As per AASB 119, employee benefits include different types of considerations provided by a business concern particularly in exchange of services rendered by their employees or for the purpose of termination of employment (Hodgson and Russell 2014). However, AASB 119 is not applied by a specific employer for the purpose of accounting various employee benefits in which AASB 2 share based payment is applied (Barth 2015). In the financial statements, a specific liability is documented for benefits to employees with regard to wages as well as salaries, yearly leave, leave for long service, as well as sick leave when it is likely that an arrangement will be obligatory and that can be measured consistently (Jin et al. 2015).
The financial statements of the firm also states that deferred tax assets or else liabilities along with assets or liabilities associated to employee benefit are detected and enumerated as per AASB 112 Income Taxes along with AASB 119 Employee Benefits respectively (Budding et al. 2014).
Fair value for enumeration and/or for purposes of disclosure in the consolidated financial statements of Domino’s is primarily determined on such a base, excluding for transactions related to share-based payment that are contained by the capacity of AASB 2.
Analysis of Issues with the Employee Compensation
However, certain issues can be detected with the remuneration of the employees of the corporation.

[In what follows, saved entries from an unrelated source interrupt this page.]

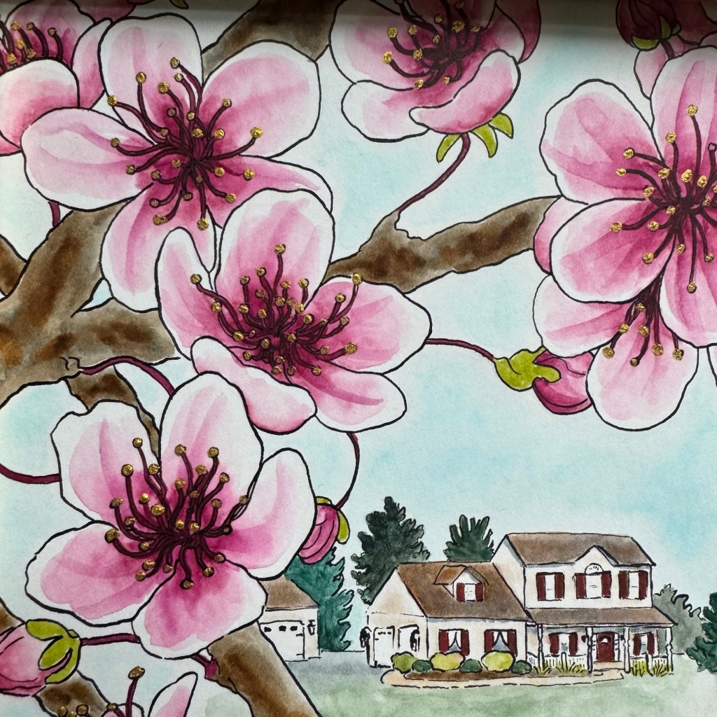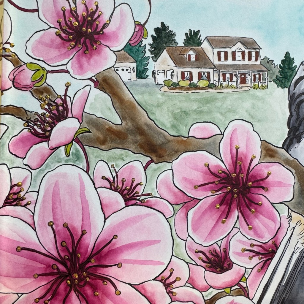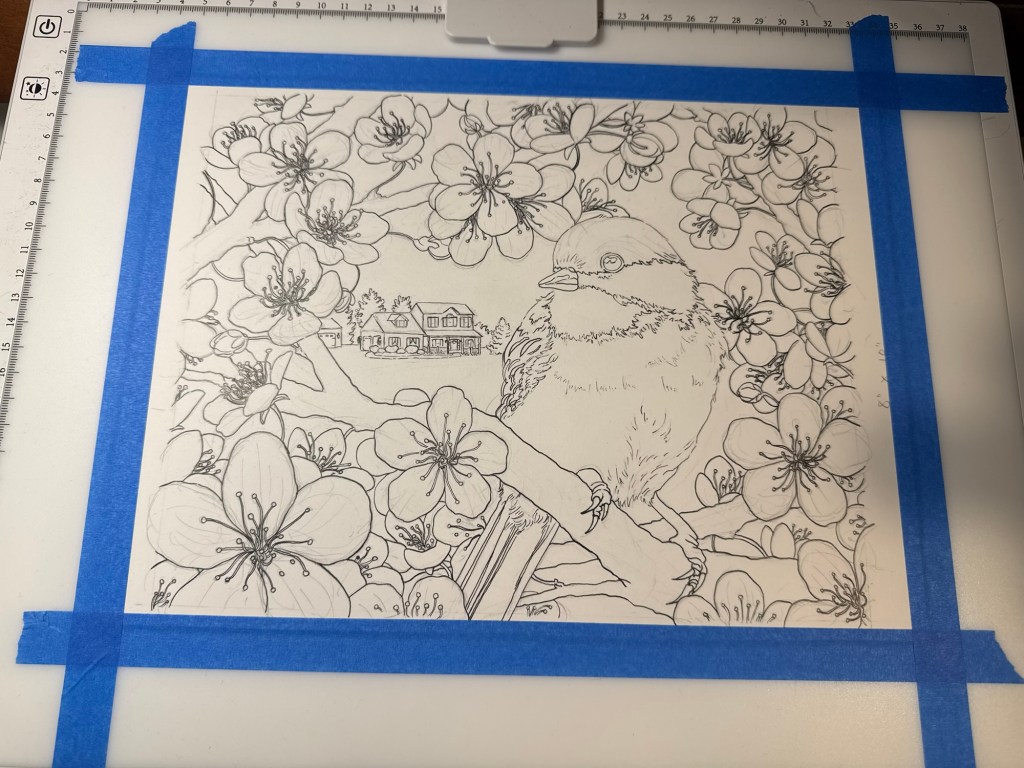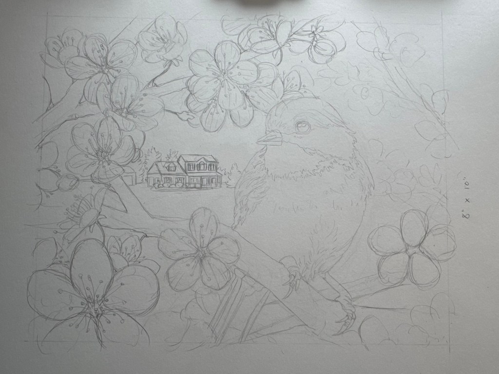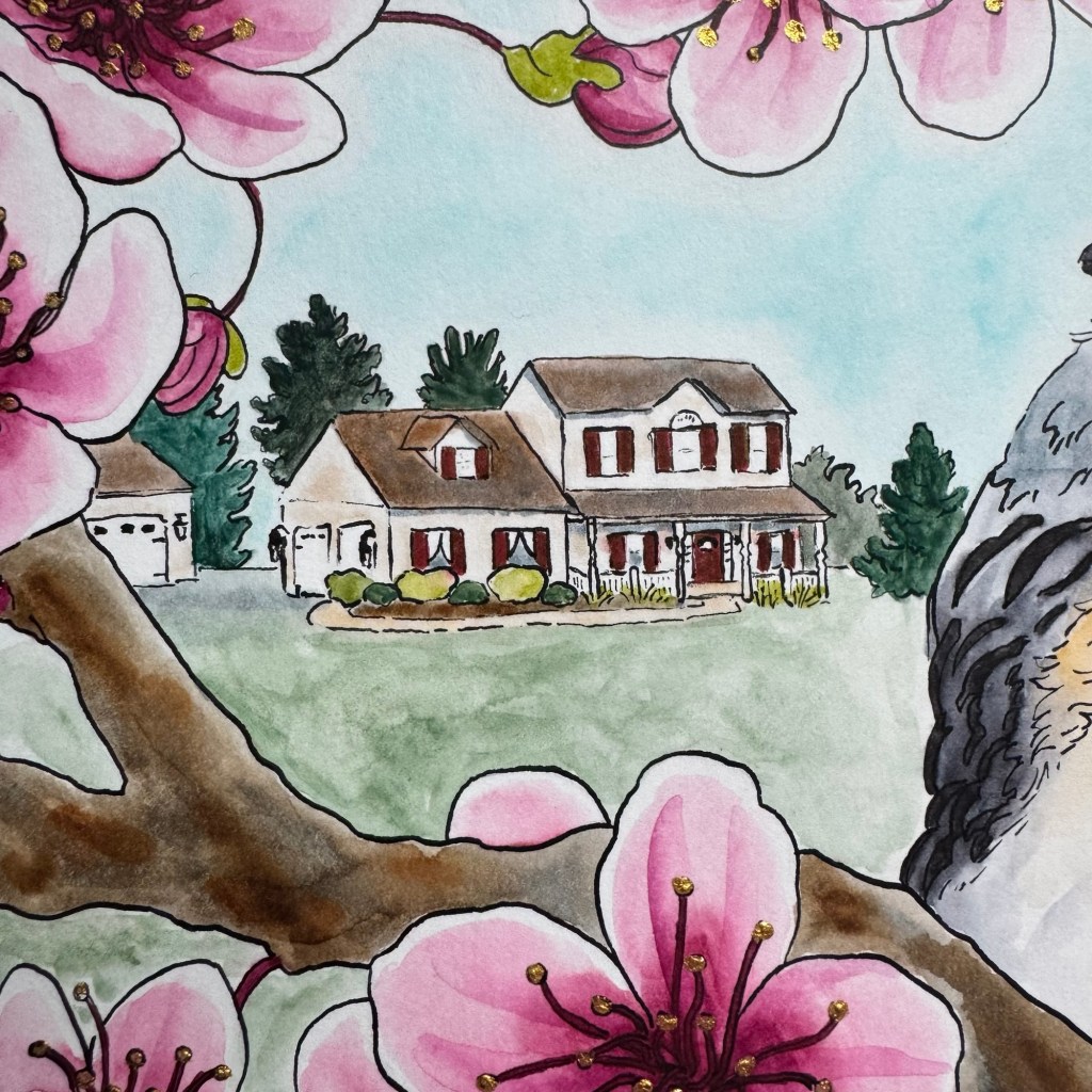 There were many, many iterations of composition before I landed on one that felt right. My fiancé helped break me out of a compositional rut when he suggested I incorporate a “secondary subject.” Brilliant! The in-laws’ house entered the scene and remedied my composition woes while adding a bonus memento factor to the piece.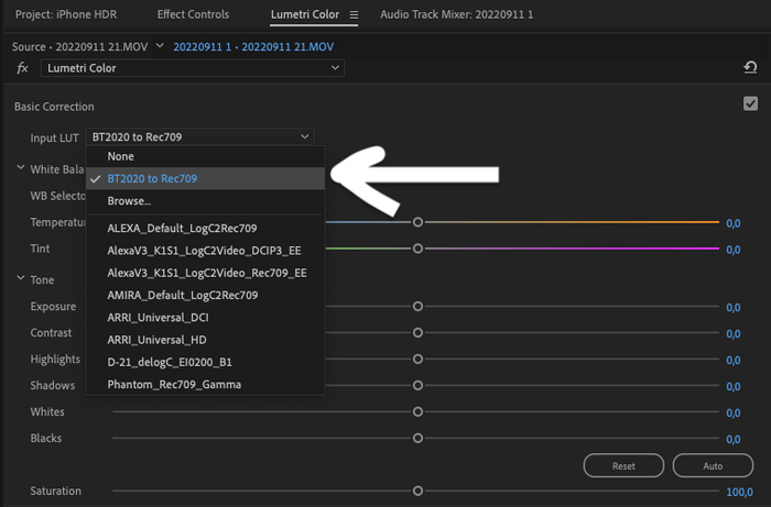 3. Корректирующий слой на таймлинии - Lumetri Color - Basic Correction - Input LUT - BT2020 to Rec.709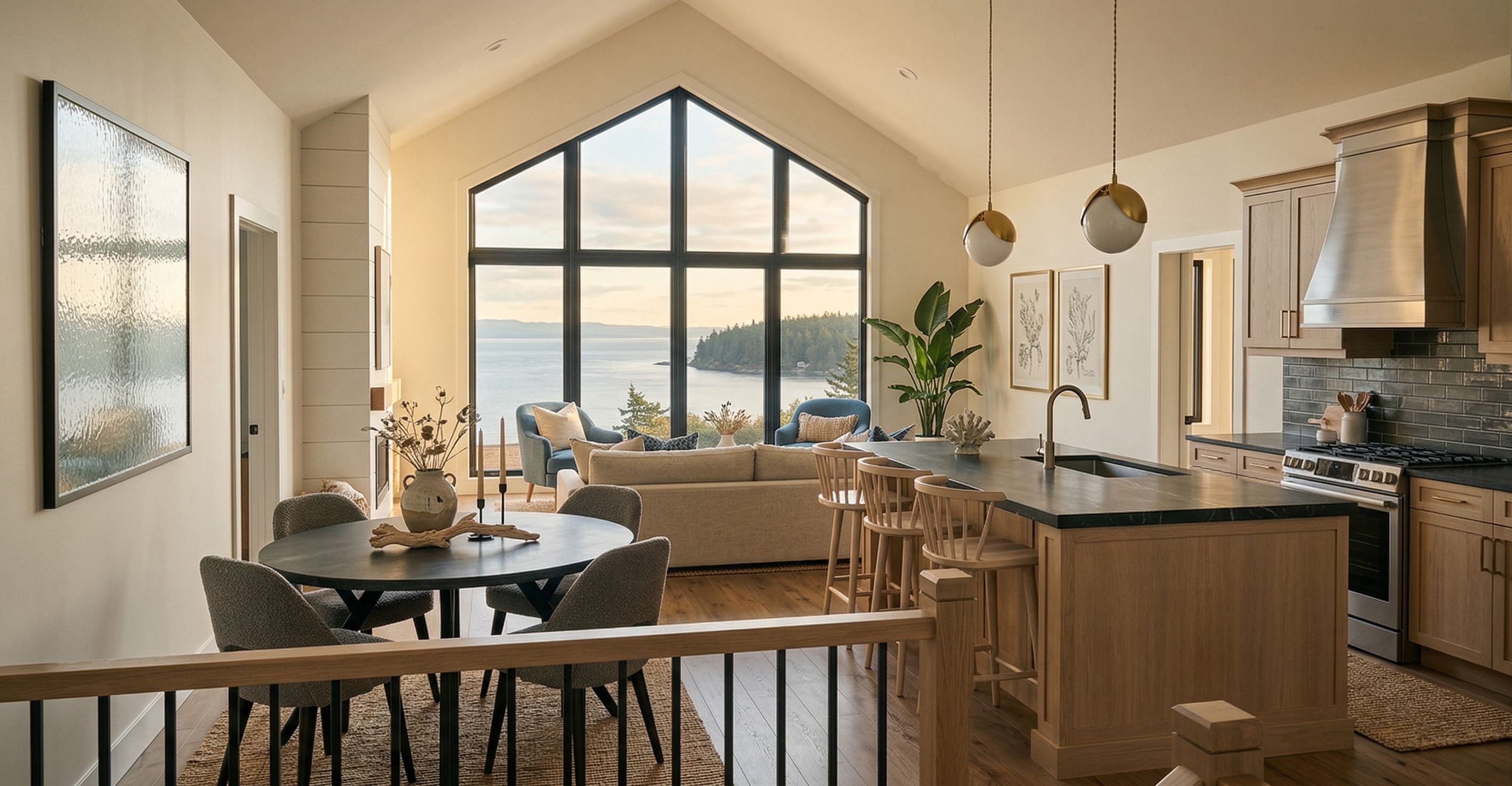 PromptPhoto of a modern open-concept living space, featuring a spacious living room with a large, vaulted ceiling and expansive windows that offer vibrant natural light. Emphasize the juxtaposition of warm wood textures against sleek cabinetry and stainless steel appliances in the kitchen area. Include stylish furniture elements like a round dining table and comfortable sofas. The scene is set in a cozy, inviting atmosphere during the afternoon light, casting soft shadows. Captured from a slightly elevated angle with a wide lens to encompass the entire flow of the layout, highlighting its harmonious design. Hints of coastal decor and blue hues., keep exact camera angle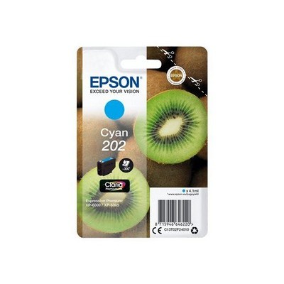Cartuccia Epson C13T02F24010 202 Kiwi originale CIANO da 4,1 ml. Compatibile con le seguenti stampanti: Epson EXPRESSION PREMIUM XP-6000, Epson EXPRESSION PREMIUM XP-6005, Epson EXPRESSION PREMIUM XP-6100, Epson EXPRESSION PREMIUM XP-6105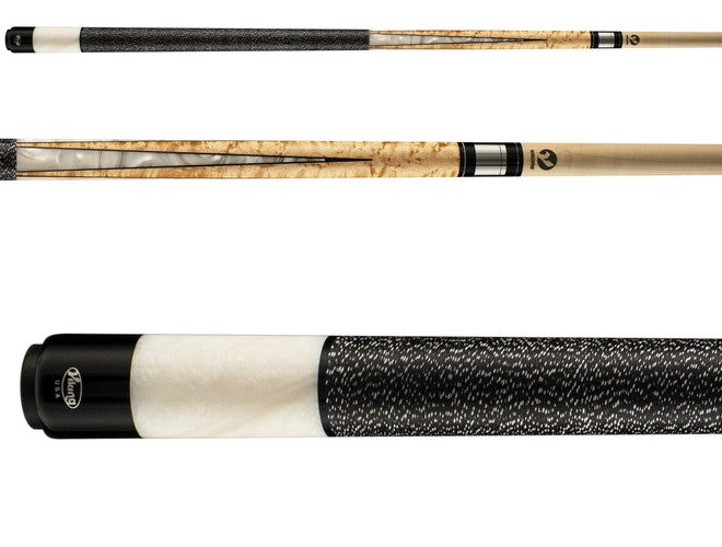 The Viking Helix HL0404 features White Premium pearl inlayed points on the forearm set in Khaki stained Birdseye Maple. The sleeve has a matching design using all White Pearl. Comes standards with the ViKORE Performance Shaft with a Tiger Everest Tip, Upgrade options are available. Viking cues are made in the USA and come with a lifetime warranty that includes warpage.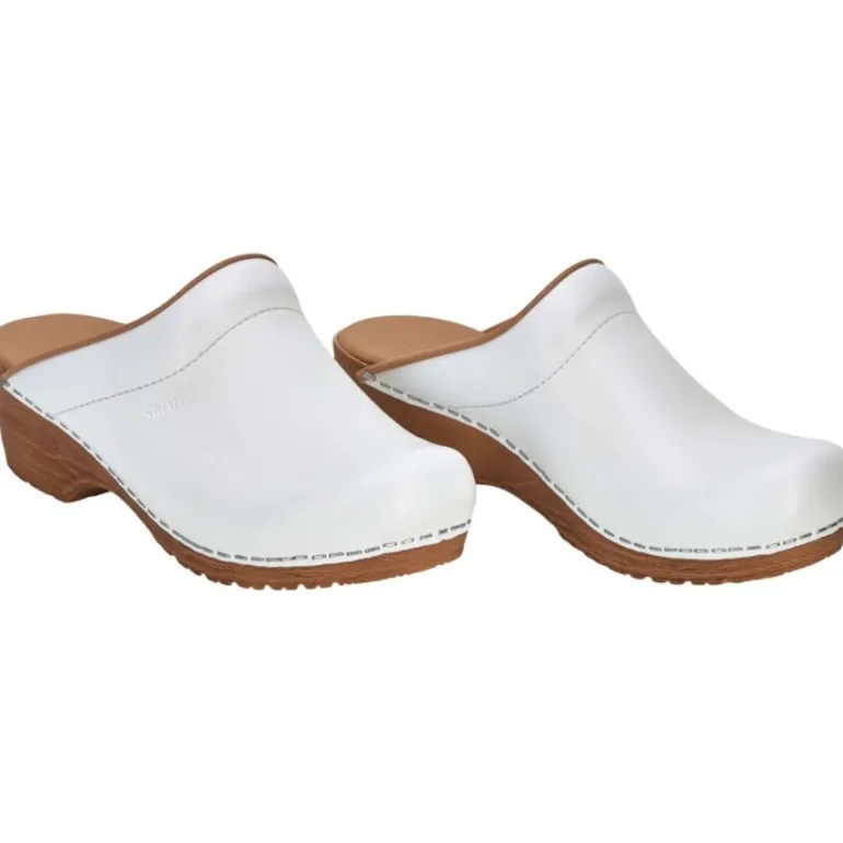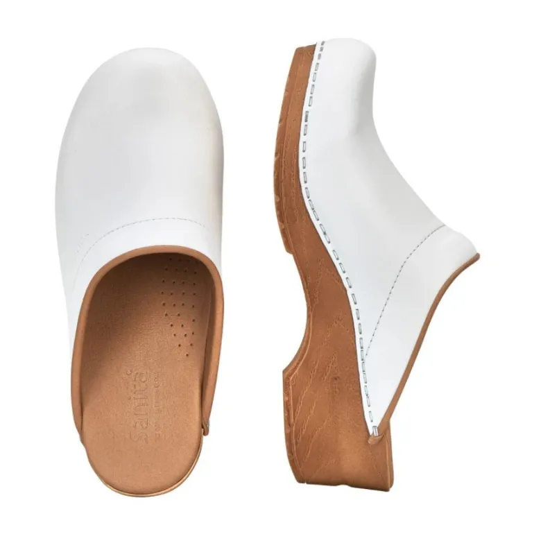 Fin hvid tøffel træsko, som er lavet i markedets bedste kvalitet. Denne træsko er lavet i PU læder, hvilket gør træskoen nem at rengøre.

Domino's is regarded as latest large Australian corporation to come under inspection for controversial agreement with the Shop, Distributive and Allied Employees Association (SDA). Reports reveal that Domino's Pizza employees are missing on rates of penalty amounting to $32 million each year owing to an arrangement between the corporation and the shop assistants' union. Investigation of the Fairfax Media discloses that the agreement with the union have led to hundreds as well as thousands of low paid employees that are denied of diverse penalty rtes as well as higher casual holdings (The Sydney Morning Herald 2017). Consequently many of the employees are paid significantly less than the award that is essentially the basically the safety net. As per report, retail analyst of the Deutsche Bank has also warned that the corporation might face a blow out as this is against the wage bill. The company Domino’s that is not paying the penalty rates can be forced to renew the outdated the agreement with the SDA. Retail analyst has also approximated that disbursement of additional $32 million as wages might slash profitability of the corporation by nearly 25%. Reports also reflect that agreement with the staff of Domino's was struck during the year 2009, before the implementation of the national award system that established novel minimum standard for the fast-food business, counting penalty rates. However, Domino's has sustained to legally function on the agreement, although it has run out and disburses by and large rates that are well beneath legal minimums. Again, workplace deals in Australia also have the need to go by the "better off overall test", aimed to warrant employees are paid more as per the workplace deal than the award (The Sydney Morning Herald 2017).
In conclusion it can be said that Management of Domino’s has now admitted that the overall cost of disbursing penalty rates was unknown to them and can be higher than the approximated figures presented by the Deutsche Bank. Retail analysts are of the view that Domino’s disbursed only $18.99 per hour and no penalty rates and that is significantly lower than even the award. So, this in effect implies any worker is necessarily worse off under the deal than under the fast food novel award. However, SDA has declared that they are set to strike a new deal that meets the minimum legal necessities.